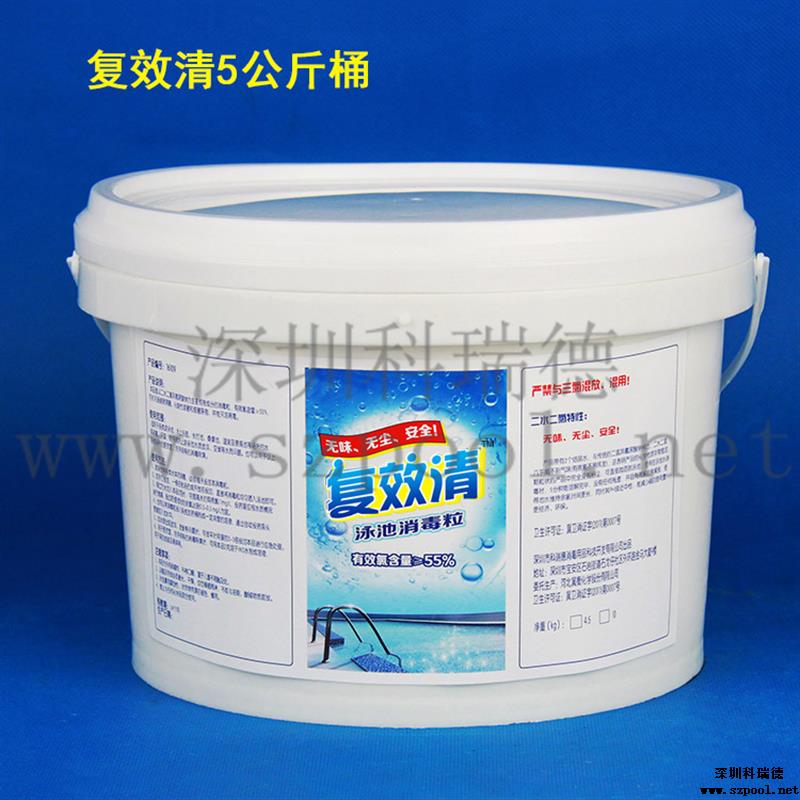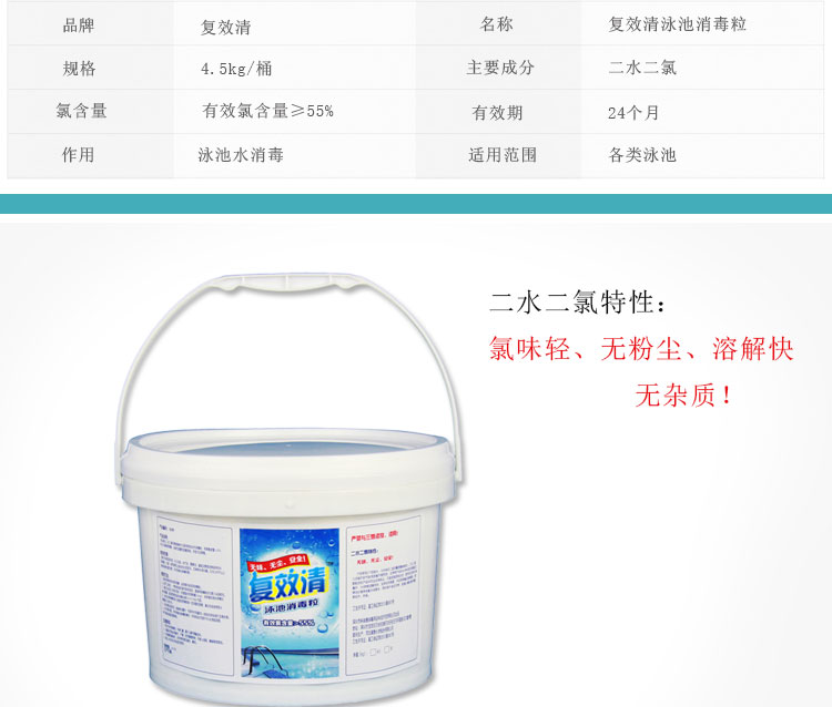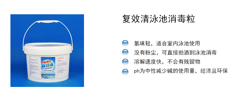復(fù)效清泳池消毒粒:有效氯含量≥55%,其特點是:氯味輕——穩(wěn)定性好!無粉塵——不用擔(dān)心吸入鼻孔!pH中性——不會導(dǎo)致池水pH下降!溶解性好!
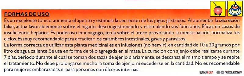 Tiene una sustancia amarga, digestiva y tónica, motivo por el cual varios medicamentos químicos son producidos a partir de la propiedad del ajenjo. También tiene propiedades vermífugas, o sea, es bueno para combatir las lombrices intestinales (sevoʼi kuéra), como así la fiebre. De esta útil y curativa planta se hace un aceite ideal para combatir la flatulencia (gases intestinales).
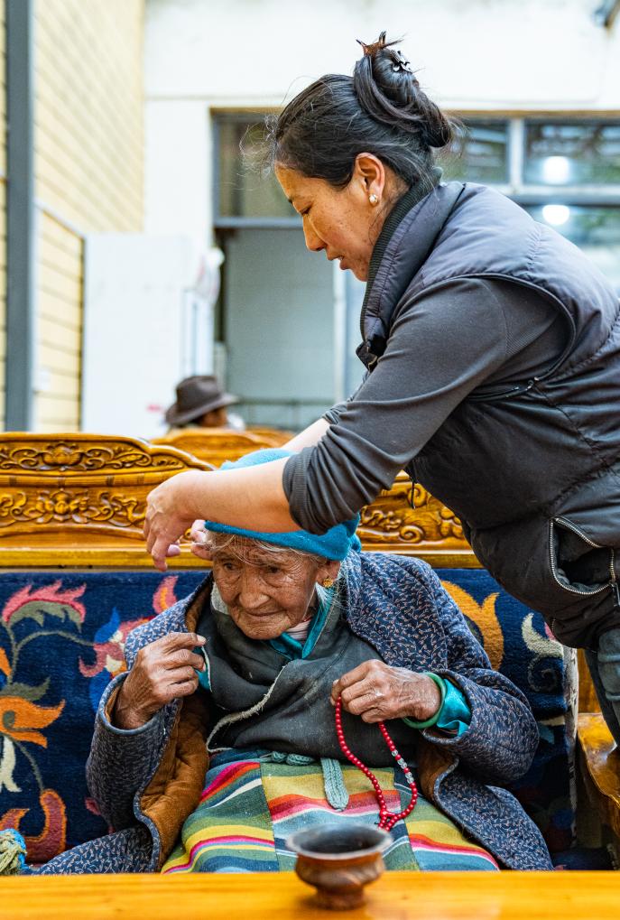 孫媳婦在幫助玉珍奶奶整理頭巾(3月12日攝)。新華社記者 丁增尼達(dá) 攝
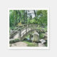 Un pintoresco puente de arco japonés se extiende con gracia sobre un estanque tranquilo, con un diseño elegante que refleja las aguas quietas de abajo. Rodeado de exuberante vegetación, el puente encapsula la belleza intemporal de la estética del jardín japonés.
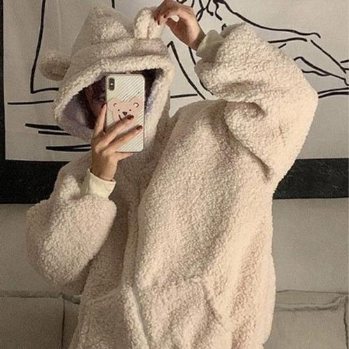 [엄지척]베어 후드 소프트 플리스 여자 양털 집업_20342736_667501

═══

— Prompt —
Your answer must be only the lines from the one that holds "Tiene una sustancia" to the end of the listing, each restated word for word, with both ends kept and pictures left out.

— Output below —
 Tiene una sustancia amarga, digestiva y tónica, motivo por el cual varios medicamentos químicos son producidos a partir de la propiedad del ajenjo. También tiene propiedades vermífugas, o sea, es bueno para combatir las lombrices intestinales (sevoʼi kuéra), como así la fiebre. De esta útil y curativa planta se hace un aceite ideal para combatir la flatulencia (gases intestinales).
 孫媳婦在幫助玉珍奶奶整理頭巾(3月12日攝)。新華社記者 丁增尼達(dá) 攝
 Un pintoresco puente de arco japonés se extiende con gracia sobre un estanque tranquilo, con un diseño elegante que refleja las aguas quietas de abajo. Rodeado de exuberante vegetación, el puente encapsula la belleza intemporal de la estética del jardín japonés.
 [엄지척]베어 후드 소프트 플리스 여자 양털 집업_20342736_667501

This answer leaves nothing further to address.